Let me dive right in. Big Data, a term that has sparked debates about its origins, has roots that trace back much further than many might think. Some attribute its popularity to American computer scientist John R. Mashey in the early 1990s, dubbing him the 'father of big data,' while others credit Roger Mougalas and the O'Reilly Media group for coining the term in 2005. Despite these debates, one undeniable fact is that Big Data has a rich history spanning centuries.

In the realm of ancient history, evidence of data storage and analysis dates back to 18,000 BCE with tally sticks and the Ishango Bone. Paleolithic tribes used notches on sticks and bones for rudimentary calculations, demonstrating an early form of data tracking. Fast forward to 2400 BCE, and the abacus emerges as the first dedicated device for calculations, alongside the advent of libraries for mass data storage.

Jumping ahead to the 20th century, significant milestones include the Social Security Act of 1937, leading to the first major data project aimed at tracking contributions from millions of Americans. The British Colossus, developed in 1943 during World War II, marked a breakthrough in data processing by deciphering Nazi codes. In 1965, the U.S. Government initiated the first-ever data center to store vast amounts of tax returns and fingerprints.

The internet age ushered in a new era, with Tim Berners-Lee and Robert Cailliau creating the World Wide Web in 1989-1990, enabling widespread access to data. Google's domain registration in 1997 and subsequent launch in 1998 marked the beginning of the search engine's dominance, contributing to advancements in machine learning, big data, and analytics.

Notable developments in the late 1990s include Carlo Strozzi's creation of NoSQL in 1998 and the publication of "How Much Information" in 1999, attempting to quantify the world's digital information. The early 2000s witnessed the expansion of web traffic and online stores, with companies like Yahoo, Amazon, and eBay analyzing customer behavior using click-rates, location data, and search logs.
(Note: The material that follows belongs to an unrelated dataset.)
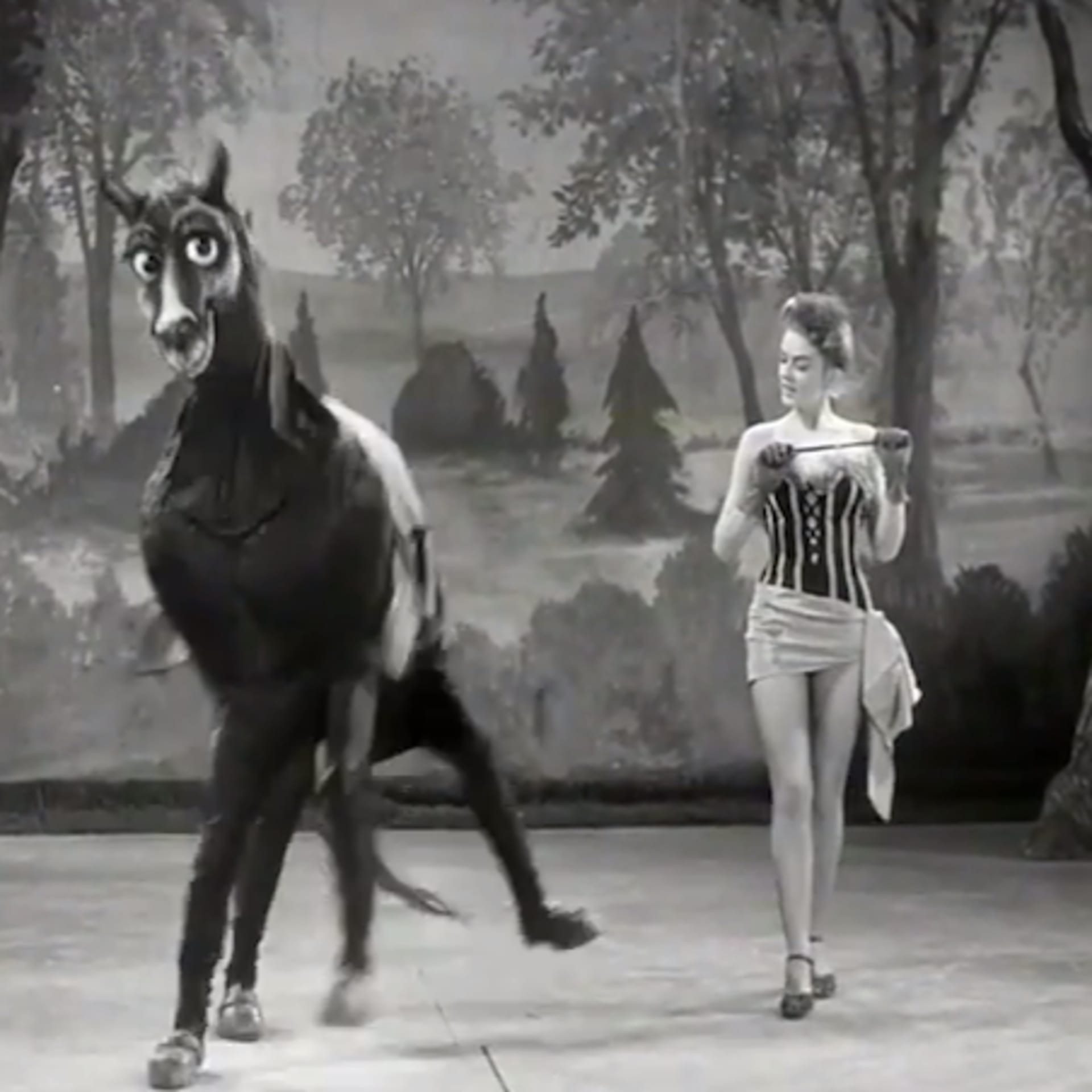 Do you often catch yourself staring out the window, thinking about vague historical equivalencies? What was the Victorian rave? How about the channel for ecstatic musical improvisation in medieval Germany? We catch ourselves doing it all the time, and not just because we have too much time on our hands. Brendon Moeller knows what we’re talking about. In the new video for “Passage to Obscurity” off of his upcoming EP AS002 (Atrophic Society), the 44-year-old adopted New Yorker and South African expat syncs up his his deep, dark banger of a track with a live recording of a 50’s vibraphone orchestra, as well as a scantily clad female entertainer dancing with two people in a horse costume. Maybe this what your grandmother watched after popping mother’s little helpers?

Roger Mougalas officially labeled it as 'Big Data' in 2005, describing large datasets challenging traditional business intelligence tools. Hadoop, born in the same year, revolutionized data processing capabilities. This period marked Big Data's entry into various industries, transforming healthcare, space exploration, music creation, and cybersecurity.

Looking to the future, innovations in cloud computing, quantum computing, the Internet of Things (IoT), and artificial intelligence promise to further evolve Big Data. As we explore new ways to harness its potential, the landscape of data governance, quality, and business intelligence will continue to shape industries.
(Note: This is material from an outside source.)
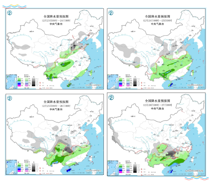 從目前預(yù)報(bào)看,23日至26日,華北中南部及其以南大部地區(qū)將有雨雪天氣。降雪較為明顯的地方有湖北西部山區(qū)、重慶東南部、貴州中東部、湖南中西部及太行山區(qū)、山東半島北部等地,部分地區(qū)將出現(xiàn)大雪,局地暴雪。另外,24日至26日,海南島有中到大雨、局地暴雨。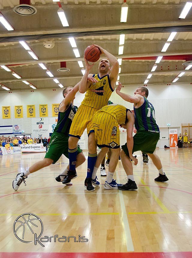 Varnarleikurinn hjá báðum liðum var ekki upp 10 á löngum köflum í þessum leik sem er jú kannski ekkert skrítið þar sem að þessi lið eru búin að spila marga leiki á háu tempói á síðustu vikum. Vörn Þórsara var þó öllu betri, en þeir „mættu“ aftur til leiks í þennan þriðja leik eftir afar slaka frammistöðu í öðrum leiknum þar sem að Grindvíkingar gengu frá þeim. Gestirnir mættu semsagt til leiks líkt og þeir hafa gert í flesta leiki í vetur, „grjótharðir“ og létu finna fyrir sér frá fyrstu mínútu. Grindvíkingar gerðu sig seka um allt of margar klaufavillur þar sem að þeir voru að brjóta á Þórsurum í þriggja stiga skoti og einnig þar sem að Þórsarar skoruðu körfur og fengu víti að auki. Þórsarar voru hins vegar alltaf skrefi á undan í varnarleiknum og fengu sínar villur í bullandi baráttu með Darra Hilmarsson fremstan í flokki gargandi sína menn áfram. Fagmaður þar á ferð. En eins og áður sagði þá var varnarleikur beggja liða ekki upp á marga fiska þar sem að leikar enduðu 91-98. Þetta er mjög hátt stigaskor þar sem að við erum að tala um „úrslitaleik,“ allur veturinn undir, og Íslandsmeistarabikarinn skínandi fínn á hliðarlínunni.

And there you have it, a comprehensive journey through the history and evolution of Big Data, supported by evidence and a passion for data.
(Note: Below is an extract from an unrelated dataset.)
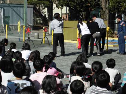今日の避難訓練は、初期消火と煙中体験訓練です。

The history of big data | LightsOnData (2024)
Top Articles
Latest Posts
Article information

Author: Tyson Zemlak

Last Updated:

Views: 5401

Rating: 4.2 / 5 (63 voted)

Reviews: 86% of readers found this page helpful

Author information

Name: Tyson Zemlak

Birthday: 1992-03-17

Address: Apt. 662 96191 Quigley Dam, Kubview, MA 42013

Phone: +441678032891

Job: Community-Services Orchestrator

Hobby: Coffee roasting, Calligraphy, Metalworking, Fashion, Vehicle restoration, Shopping, Photography

Introduction: My name is Tyson Zemlak, I am a excited, light, sparkling, super, open, fair, magnificent person who loves writing and wants to share my knowledge and understanding with you.